Art. 76. As licenças se darão nos termos do Art. 42 da Lei Orgânica.
CAPÍTULO III
DO DECORO PARLAMENTAR
Art. 77. O Vereador que descumprir os deveres decorrentes do mandato ou praticar ato que afete a dignidade da investidura estará sujeito a processo e penalidades previstos neste Regimento.
§ 1º. Constituem penalidades:
I - censura;
II - impedimento temporário do exercício do mandato, não excedente a trinta dias;
III - perda do mandato.
§ 2º. Considera-se atentatório ao decoro parlamentar o uso, em discurso ou proposição, de expressões que configurem violação dos direitos constitucionais.
§ 3º. É incompatível com o decoro parlamentar:
I - o abuso das prerrogativas constitucionais;
II - a percepção de vantagens indevidas;
III - a prática de irregularidades graves no desempenho do mandato ou de encargos dele decorrentes;
IV - a prática de ofensa à imagem da instituição, à honra ou à dignidade de seus membros.
Art. 78. A censura será verbal ou escrita.
§ 1º. A censura verbal é aplicada, em reunião, pelo Presidente da Câmara ao Vereador que:
I - deixar de observar, salvo motivo justificado, os deveres decorrentes do mandato ou os preceitos deste Regimento;
II - perturbar a ordem ou praticar atos que infrinjam as regras de boa conduta no recinto da Câmara ou em suas demais dependências.

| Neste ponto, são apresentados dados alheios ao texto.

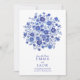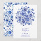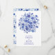 Annoncez votre journée avec des fleurs de chinoiserie bleues, présentant un motif floral global d'illustrations de fleurs à l'aquarelle dans un style classique inspiré de la porcelaine bleue et blanche. Le devant présente un bouquet de fleurs d'indigo au-dessus de votre texte, associé à une typographie serif élégante et un carton "save the date" écrit à la main pour un look raffiné. Cette conception de papeterie de mariage romantique est idéale pour les couples qui aiment les détails de bouquet floral bleu et le style botanique intemporel.
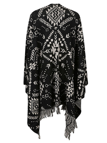 Black cardigan, with print, large, with ethnic printing. Ethnic print jacquard cardigan Size and Fit - This piece fits true to size. We recommend you get your regular size. Model is 1,75m / 5ft 8in wearing size S

§ 2º. A censura escrita será imposta pela Mesa Diretora ao Vereador que:
I - reincidir nas hipóteses previstas no parágrafo anterior;
II - usar, em discurso ou proposição, expressões atentatórias ao decoro parlamentar;
III - praticar ofensas físicas ou morais nas dependências da Câmara ou desacatar, por atos ou palavras, outro Vereador, a Mesa Diretora, o Presidente, o Plenário ou funcionários.
Art. 79. Considera-se incurso na sanção de impedimento temporário do exercício do mandato o Vereador que:
I - reincidir nas hipóteses previstas no § 2º do artigo anterior;
II - praticar transgressão grave ou reiterada aos preceitos deste Regimento;
III - revelar conteúdo de debate ou deliberação que, por decisão do Plenário ou de comissão, deva permanecer sigiloso;
IV - revelar informação ou conteúdo de documento oficial de caráter sigiloso de que tenha tido conhecimento.
§ 1º. A representação contra vereador por fato sujeito a pena de impedimento temporário do exercício do mandato será mediante provocação de qualquer vereador, encaminhada a Mesa Diretora.
§ 2º. Nos casos previstos neste artigo, a penalidade será aplicada pelo Plenário, em escrutínio secreto e por maioria simples, assegurada ao infrator ampla defesa.
Art. 80. O Vereador se sujeita ainda às proibições e incompatibilidades e perda de mandato, observados os artigos 40 e 41 da Lei Orgânica.
Art. 81. O Vereador acusado da prática de ato que ofenda a sua honorabilidade poderá requerer ao Presidente da Câmara que mande apurar a veracidade da argüição e, não provada a procedência, imponha ao vereador ofensor a penalidade regimental cabível.
CAPITULO IV
DA CONVOCAÇÃO DE SUPLENTE
Art. 82. Dar-se-á a convocação do suplente de vereador nos casos de vaga ou de licença, observado o Art. 43 da Lei Orgânica.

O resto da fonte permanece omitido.